# WHAT TO PRODUCE
Report every line in the listing below where the string "young" shows up.

# DATASET CONTENT
╭──

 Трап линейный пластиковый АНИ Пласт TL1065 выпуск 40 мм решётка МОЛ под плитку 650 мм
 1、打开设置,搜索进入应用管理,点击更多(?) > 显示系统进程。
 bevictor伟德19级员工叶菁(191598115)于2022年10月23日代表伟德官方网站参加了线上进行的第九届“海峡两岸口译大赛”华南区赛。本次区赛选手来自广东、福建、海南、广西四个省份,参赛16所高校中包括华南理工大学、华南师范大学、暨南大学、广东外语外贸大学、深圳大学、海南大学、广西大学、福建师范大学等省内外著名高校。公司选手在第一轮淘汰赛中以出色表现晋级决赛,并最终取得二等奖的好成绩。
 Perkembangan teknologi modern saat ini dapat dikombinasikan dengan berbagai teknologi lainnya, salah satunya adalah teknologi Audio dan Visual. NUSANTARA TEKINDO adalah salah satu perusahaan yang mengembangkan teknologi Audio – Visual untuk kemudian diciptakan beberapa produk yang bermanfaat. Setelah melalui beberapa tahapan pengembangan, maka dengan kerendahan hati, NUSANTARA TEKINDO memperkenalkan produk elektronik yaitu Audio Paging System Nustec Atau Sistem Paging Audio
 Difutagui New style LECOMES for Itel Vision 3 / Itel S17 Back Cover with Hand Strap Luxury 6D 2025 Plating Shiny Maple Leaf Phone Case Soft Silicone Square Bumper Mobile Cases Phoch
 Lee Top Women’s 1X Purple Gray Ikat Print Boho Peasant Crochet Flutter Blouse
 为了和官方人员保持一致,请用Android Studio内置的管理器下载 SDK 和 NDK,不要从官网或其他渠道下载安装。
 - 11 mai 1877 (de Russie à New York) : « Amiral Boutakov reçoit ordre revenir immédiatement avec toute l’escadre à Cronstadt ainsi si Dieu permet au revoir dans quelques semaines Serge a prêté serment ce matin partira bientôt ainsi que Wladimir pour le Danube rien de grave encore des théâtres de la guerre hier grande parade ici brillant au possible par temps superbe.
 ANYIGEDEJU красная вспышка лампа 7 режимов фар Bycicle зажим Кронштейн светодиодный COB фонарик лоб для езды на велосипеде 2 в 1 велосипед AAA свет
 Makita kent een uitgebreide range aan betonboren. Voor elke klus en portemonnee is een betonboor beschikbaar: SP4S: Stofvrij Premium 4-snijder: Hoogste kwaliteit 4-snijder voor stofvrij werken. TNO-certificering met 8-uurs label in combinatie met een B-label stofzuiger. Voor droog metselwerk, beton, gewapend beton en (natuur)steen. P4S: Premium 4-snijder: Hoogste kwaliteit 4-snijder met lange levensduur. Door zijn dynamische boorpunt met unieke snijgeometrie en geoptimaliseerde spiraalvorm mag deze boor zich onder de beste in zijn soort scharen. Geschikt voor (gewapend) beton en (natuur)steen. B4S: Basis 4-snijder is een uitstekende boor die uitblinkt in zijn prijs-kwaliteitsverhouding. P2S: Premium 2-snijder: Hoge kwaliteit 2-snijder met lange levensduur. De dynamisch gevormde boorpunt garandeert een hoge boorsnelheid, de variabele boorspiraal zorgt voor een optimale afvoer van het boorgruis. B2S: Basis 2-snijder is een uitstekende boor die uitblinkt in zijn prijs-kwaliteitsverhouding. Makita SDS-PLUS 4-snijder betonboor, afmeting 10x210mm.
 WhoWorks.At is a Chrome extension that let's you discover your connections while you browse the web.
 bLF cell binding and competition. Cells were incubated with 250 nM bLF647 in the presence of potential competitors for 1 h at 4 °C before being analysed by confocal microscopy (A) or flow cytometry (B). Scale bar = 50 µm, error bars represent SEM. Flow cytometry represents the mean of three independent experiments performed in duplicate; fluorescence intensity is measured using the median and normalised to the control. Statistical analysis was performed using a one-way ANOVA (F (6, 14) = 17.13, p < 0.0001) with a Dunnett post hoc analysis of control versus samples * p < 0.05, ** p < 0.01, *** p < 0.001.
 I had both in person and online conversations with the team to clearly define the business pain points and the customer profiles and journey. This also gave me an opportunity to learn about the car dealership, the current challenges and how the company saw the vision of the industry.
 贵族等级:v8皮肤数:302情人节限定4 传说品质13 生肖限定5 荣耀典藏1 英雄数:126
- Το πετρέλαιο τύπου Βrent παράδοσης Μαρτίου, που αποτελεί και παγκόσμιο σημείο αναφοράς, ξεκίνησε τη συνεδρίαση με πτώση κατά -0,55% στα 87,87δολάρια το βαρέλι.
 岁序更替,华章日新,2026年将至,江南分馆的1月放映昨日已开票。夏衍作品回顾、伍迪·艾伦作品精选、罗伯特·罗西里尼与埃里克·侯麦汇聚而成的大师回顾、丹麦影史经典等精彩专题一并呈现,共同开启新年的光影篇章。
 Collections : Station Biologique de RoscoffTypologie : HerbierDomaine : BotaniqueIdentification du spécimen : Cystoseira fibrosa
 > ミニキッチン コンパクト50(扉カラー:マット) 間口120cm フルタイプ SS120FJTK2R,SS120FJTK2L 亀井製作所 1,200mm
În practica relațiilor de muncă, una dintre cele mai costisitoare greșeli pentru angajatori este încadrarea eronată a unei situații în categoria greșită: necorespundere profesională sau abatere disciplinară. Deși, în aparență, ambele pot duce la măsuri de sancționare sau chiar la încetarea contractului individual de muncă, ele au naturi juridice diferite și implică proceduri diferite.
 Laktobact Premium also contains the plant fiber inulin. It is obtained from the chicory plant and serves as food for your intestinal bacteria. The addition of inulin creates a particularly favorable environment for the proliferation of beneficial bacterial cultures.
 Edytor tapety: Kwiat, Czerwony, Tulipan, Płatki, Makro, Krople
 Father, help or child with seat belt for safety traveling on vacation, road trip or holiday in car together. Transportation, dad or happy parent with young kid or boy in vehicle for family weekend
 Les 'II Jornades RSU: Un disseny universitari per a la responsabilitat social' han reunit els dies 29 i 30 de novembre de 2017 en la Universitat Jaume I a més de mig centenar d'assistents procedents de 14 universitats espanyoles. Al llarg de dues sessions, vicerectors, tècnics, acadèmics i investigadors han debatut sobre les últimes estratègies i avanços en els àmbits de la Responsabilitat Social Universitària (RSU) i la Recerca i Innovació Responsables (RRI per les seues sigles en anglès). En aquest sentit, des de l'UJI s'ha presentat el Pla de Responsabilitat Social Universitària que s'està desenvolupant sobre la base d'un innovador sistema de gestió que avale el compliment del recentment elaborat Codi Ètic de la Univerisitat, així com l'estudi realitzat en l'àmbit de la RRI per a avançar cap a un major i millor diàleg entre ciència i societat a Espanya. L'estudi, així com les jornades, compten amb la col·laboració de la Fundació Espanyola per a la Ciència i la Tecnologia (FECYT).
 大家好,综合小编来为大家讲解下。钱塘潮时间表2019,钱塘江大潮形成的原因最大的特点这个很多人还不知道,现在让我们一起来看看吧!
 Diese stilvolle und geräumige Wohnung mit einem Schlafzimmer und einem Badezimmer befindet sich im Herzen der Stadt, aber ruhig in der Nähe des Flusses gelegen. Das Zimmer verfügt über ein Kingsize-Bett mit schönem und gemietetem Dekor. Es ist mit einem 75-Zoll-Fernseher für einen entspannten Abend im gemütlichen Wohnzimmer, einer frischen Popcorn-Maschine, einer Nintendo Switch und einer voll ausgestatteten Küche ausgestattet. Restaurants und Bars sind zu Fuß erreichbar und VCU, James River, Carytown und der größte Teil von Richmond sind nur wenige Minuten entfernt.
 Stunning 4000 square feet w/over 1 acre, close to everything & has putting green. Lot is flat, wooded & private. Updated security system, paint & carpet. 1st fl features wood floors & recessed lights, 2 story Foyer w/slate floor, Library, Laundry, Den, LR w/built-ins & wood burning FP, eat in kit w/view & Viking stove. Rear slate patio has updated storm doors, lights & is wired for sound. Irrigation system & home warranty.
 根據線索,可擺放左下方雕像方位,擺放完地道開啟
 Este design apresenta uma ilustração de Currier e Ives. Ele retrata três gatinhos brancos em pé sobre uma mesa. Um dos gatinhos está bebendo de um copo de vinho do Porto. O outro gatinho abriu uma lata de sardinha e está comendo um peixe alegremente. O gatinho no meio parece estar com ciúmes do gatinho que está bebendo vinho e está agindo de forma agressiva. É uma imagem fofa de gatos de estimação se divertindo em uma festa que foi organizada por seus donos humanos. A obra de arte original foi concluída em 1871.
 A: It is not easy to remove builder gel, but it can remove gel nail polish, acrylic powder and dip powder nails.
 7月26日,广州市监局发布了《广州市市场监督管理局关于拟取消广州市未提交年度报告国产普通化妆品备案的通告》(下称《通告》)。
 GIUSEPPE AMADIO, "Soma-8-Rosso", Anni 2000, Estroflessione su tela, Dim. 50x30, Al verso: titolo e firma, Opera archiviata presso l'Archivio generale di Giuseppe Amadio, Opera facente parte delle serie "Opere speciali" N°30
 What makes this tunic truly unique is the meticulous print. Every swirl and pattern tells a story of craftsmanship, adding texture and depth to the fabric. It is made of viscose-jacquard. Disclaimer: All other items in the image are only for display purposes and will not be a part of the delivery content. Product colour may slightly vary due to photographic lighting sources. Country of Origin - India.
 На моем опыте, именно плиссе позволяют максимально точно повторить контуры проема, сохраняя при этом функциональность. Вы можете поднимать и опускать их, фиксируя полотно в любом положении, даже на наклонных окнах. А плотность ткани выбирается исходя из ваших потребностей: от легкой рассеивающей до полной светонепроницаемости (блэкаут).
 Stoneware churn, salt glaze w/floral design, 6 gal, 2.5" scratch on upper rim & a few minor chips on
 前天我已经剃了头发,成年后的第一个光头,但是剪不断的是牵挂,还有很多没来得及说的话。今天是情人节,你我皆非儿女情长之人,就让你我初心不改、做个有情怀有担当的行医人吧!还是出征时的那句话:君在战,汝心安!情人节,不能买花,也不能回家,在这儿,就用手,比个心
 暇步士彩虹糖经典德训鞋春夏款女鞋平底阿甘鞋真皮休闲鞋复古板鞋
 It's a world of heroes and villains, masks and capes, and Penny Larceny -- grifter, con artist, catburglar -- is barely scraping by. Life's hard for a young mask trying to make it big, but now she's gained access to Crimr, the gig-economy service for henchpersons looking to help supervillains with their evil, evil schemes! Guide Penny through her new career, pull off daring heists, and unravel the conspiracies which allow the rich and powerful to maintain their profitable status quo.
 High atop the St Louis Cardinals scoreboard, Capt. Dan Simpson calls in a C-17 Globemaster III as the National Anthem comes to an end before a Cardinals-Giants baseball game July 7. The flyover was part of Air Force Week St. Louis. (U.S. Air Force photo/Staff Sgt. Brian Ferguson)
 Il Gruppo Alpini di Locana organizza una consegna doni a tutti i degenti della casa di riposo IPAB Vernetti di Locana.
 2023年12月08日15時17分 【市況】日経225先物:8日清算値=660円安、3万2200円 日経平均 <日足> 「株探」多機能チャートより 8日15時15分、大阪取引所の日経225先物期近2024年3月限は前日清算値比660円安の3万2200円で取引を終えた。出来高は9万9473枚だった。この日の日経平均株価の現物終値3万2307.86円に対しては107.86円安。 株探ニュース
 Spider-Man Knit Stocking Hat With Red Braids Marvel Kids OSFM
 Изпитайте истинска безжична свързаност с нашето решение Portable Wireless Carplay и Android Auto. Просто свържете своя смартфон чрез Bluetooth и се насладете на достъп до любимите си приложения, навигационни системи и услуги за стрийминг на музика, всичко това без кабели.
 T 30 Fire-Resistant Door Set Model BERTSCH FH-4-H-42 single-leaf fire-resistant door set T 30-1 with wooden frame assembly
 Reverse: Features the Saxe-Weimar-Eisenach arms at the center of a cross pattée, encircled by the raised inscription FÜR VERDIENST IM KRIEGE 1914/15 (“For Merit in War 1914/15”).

╰──

# ANSWER BOX
 Father, help or child with seat belt for safety traveling on vacation, road trip or holiday in car together. Transportation, dad or happy parent with young kid or boy in vehicle for family weekend
 It's a world of heroes and villains, masks and capes, and Penny Larceny -- grifter, con artist, catburglar -- is barely scraping by. Life's hard for a young mask trying to make it big, but now she's gained access to Crimr, the gig-economy service for henchpersons looking to help supervillains with their evil, evil schemes! Guide Penny through her new career, pull off daring heists, and unravel the conspiracies which allow the rich and powerful to maintain their profitable status quo.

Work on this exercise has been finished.